Additionally, he admitted that ‘even this was not delivered until August last year’, with Mr Roe stating to the committee: ‘We have given what I would consider the most basic provision to our officers which covers the sort of decisions they might have to make, the basic guidance. But that needs to be supported and better embedded with changes to operational procedure.’

Mr Roe added that senior officers had ‘received more detailed training’, while all station commanders have had ‘face-to-face briefings on how to respond to a rapidly spreading high-rise fire’ like Grenfell. Crews meanwhile have received training on fire safety in high rise blocks that ‘would feed into their response’ to such a fire, but deputy committee chairman Susan Hall called the developments ‘really worrying’.

The news outlet claimed that the comments added to a ‘concerning picture of training’ at LFB after the recent report from Her Majesty’s Inspectorate for the Constabulary and Fire and Rescue Service (HMICFRS), which had said LFB had been ‘slow to implement’ changes required post Grenfell.

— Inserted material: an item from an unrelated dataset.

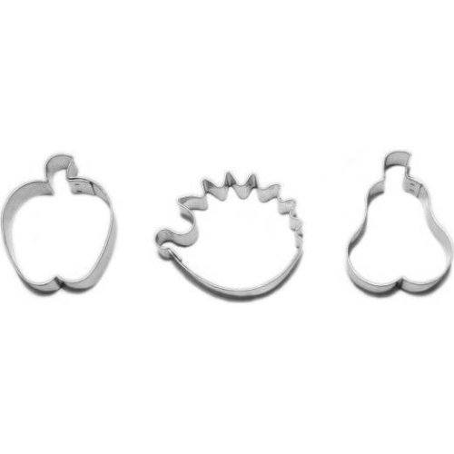 Tři vykrajovátka z kvalitního pocínovaného plechu – ježek, jablko a hruška.

It pointed out that Mr Roe has accepted the need for ‘transformational change’, and that it was a ‘tragedy’ that it had taken Grenfell to be the ‘catalyst’ for this change.

Additionally, the news outlet pointed out, he has ‘pushed ahead with a new plan to implement the recommendations’ of both the HMICFRS report and the first phase report from the Grenfell inquiry, and ‘crucially’ he had stated all officers would receive ‘face-to-face’ training on LFB’s new high rise policy set to be signed off next week.

On his personal response to attending the fire – at which he was responsible for abandoning stay put – Mr Roe commented: ‘I stood in front of that tower, and looked at a boxing club I’d been in many times before, that exemplified everything good about uniting London communities, burning to the ground. I saw the bodies of men women and children come out of the block of [the] high rise.

‘I committed hundreds of firefighters at great personal risk. I can’t undo what happened at Grenfell. But what I can tell you is my personal connection to that made me feel immediately the sadness of what I saw it do to a bit of London, to a community – and I will work tirelessly to change that.’